EXERCISE DIRECTIONS » An exact copy of all the lines below is required, with every image left out.

Segment Start: DATA EXCERPT

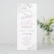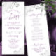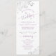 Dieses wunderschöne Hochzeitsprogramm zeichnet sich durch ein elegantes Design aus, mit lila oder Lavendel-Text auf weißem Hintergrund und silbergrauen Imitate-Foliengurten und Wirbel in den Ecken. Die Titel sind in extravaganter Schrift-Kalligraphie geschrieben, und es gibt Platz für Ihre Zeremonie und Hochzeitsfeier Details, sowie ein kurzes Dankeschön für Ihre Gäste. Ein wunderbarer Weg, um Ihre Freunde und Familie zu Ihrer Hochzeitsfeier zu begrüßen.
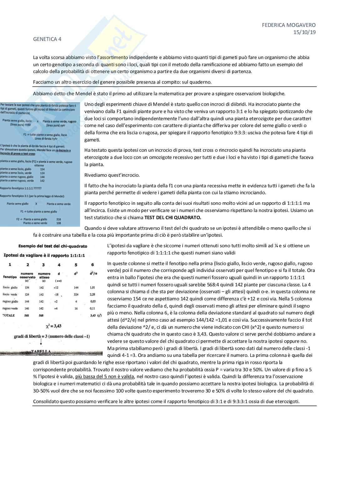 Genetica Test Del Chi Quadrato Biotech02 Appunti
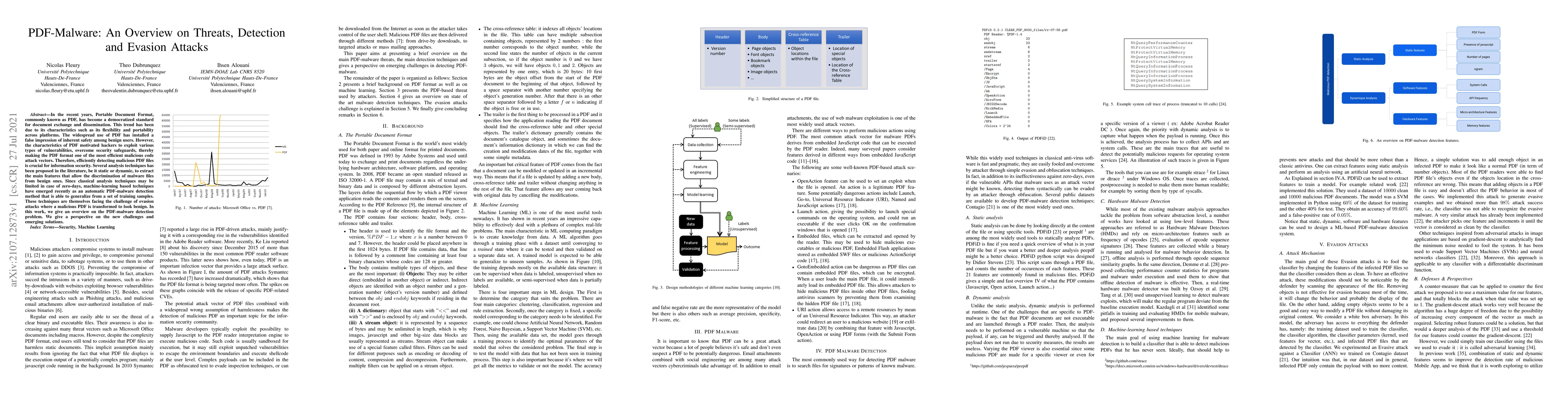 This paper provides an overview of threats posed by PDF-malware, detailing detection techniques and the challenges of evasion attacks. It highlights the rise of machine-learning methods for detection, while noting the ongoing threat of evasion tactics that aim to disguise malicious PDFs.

Segment End: DATA EXCERPT

ANSWER AREA »
 Dieses wunderschöne Hochzeitsprogramm zeichnet sich durch ein elegantes Design aus, mit lila oder Lavendel-Text auf weißem Hintergrund und silbergrauen Imitate-Foliengurten und Wirbel in den Ecken. Die Titel sind in extravaganter Schrift-Kalligraphie geschrieben, und es gibt Platz für Ihre Zeremonie und Hochzeitsfeier Details, sowie ein kurzes Dankeschön für Ihre Gäste. Ein wunderbarer Weg, um Ihre Freunde und Familie zu Ihrer Hochzeitsfeier zu begrüßen.
 Genetica Test Del Chi Quadrato Biotech02 Appunti
 This paper provides an overview of threats posed by PDF-malware, detailing detection techniques and the challenges of evasion attacks. It highlights the rise of machine-learning methods for detection, while noting the ongoing threat of evasion tactics that aim to disguise malicious PDFs.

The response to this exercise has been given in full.